The framework of our methods can be divided into 3 parts: proposal, recognition, and classification. Before applying our proposed methodology, we undertook a comprehensive data collection and preprocessing phase. The cameras used in real environments have a resolution of 720P or higher, support a shooting speed of 30 frames per second, work well in temperatures ranging from –10 °C to +50 °C, and are capable of automatically adjusting the exposure time according to the light conditions to keep the image brightness appropriate. The cameras are usually deployed in front of the left or right side of the pass port. We collected vehicle logo images from various sources, ensuring a diverse representation of lighting conditions, angles, and resolutions. Each image was then preprocessed to normalize the size, adjust the contrast, and remove noise. Specifically, image preprocessing involved resizing all images to a uniform dimension of 224×224 pixels, applying grayscale conversion to enhance contrast, and employing Gaussian blur for noise reduction. Then, we apply appropriate knowledge rules to preliminarily filter the vehicle logo regions. In the recognition part, we train a DCGAN on the vehicle logo dataset, where G generates rich vehicle logo samples, and D learns to recognize vehicle logo images to identify the most likely vehicle logo region from numerous candidate regions. Finally, in the classification part, we transfer the knowledge of vehicle logo features learned in D to perform the final classification. Fig. 1 demonstrates the framework of our method.

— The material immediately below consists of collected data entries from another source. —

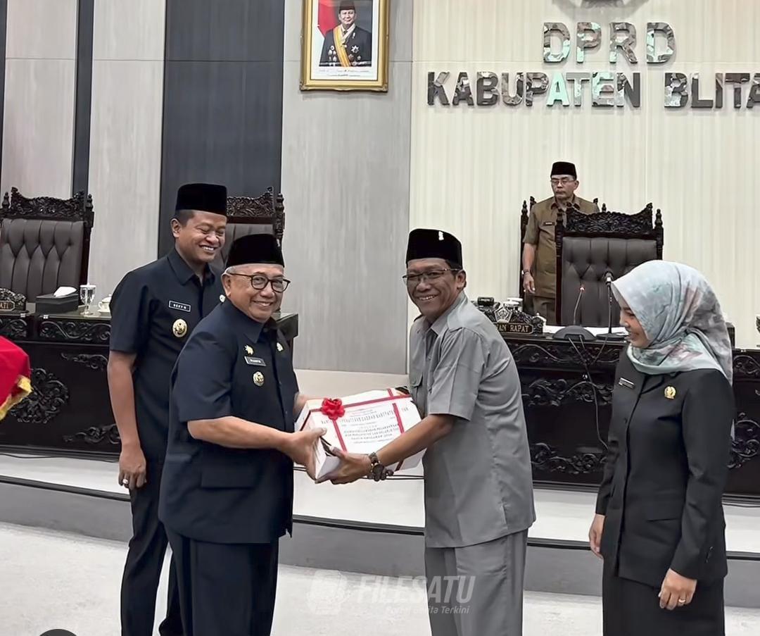 Filesatu.co.id, Blitar | Dewan Perwakilan Rakyat Daerah (DPRD) Kabupaten Blitar menggelar Rapat Paripurna dengan agenda Penyampaian Penjelasan Bupati Blitar terhadap Rancangan Peraturan Daerah (Ranperda) tentang Pertanggungjawaban Pelaksanaan APBD Tahun Anggaran 2024. Kegiatan berlangsung di Graha Paripurna DPRD Kabupaten Blitar dan dihadiri oleh jajaran legislatif dan eksekutif. Senin (16/06/2025).
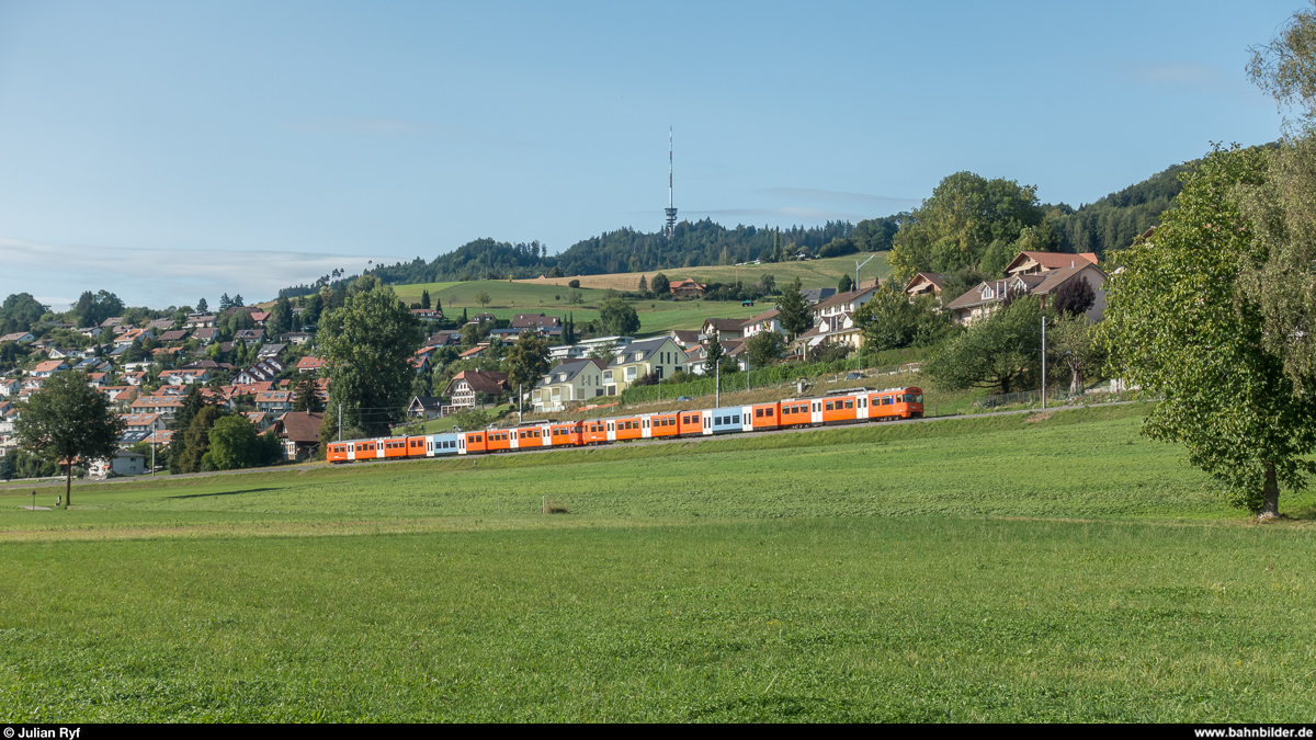 Am 25. August 2013 feierte der RBS 100 Jahre Worblentalbahn mit Feierlichkeiten entlang der ganzen Strecke von Bern nach Worb. Der normalerweise am Wochenende gefahrene Halbstundentakt wurde zu einem Viertelstundentakt verdichtet und die Züge alle mit Doppeltraktionen gefahren. Zum Einsatz kamen alle derzeit beim RBS eingesetzten Fahrzeugtypen, so auch die hauptsächlich auf den RE Bern-Solothurn eingesetzten RABe 4/12 "NExT" von Stadler Rail. Hier verlässt NExt 31 mit einem Schwesterfahrzeug gerade die Haltestelle Vechigen. Julian Ryf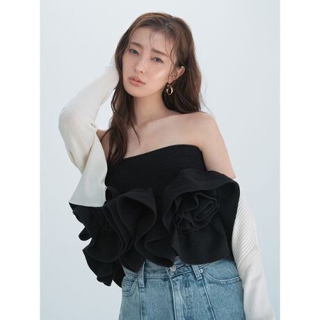 <b>【フラワーペプラムが目を引く主役級のニットベアトップス】</b>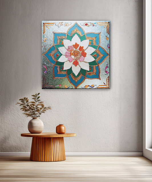 Infuse your space with harmony, elegance, and spiritual beauty through “Sacred Bloom,” a mesmerizing mandala canvas featuring intricate floral patterns in teal, gold, pink, and white. Symbolizing balance and enlightenment, this artwork blends traditional motifs with contemporary artistry, radiating peace...

Before feeding the vehicle logo images into our DCGAN model for training, a series of preprocessing steps were undertaken to ensure the data quality and consistency. This preprocessing involved resizing images to a uniform dimension of 224×224 pixels to match the input size of our model, converting images to grayscale to reduce computational complexity while retaining essential features, and applying a Gaussian blur filter to reduce image noise and improve the model’s focus on relevant features. The standardized preprocessing pipeline is crucial for the effective training of deep learning models and contributes significantly to the robustness of the vehicle logo recognition system.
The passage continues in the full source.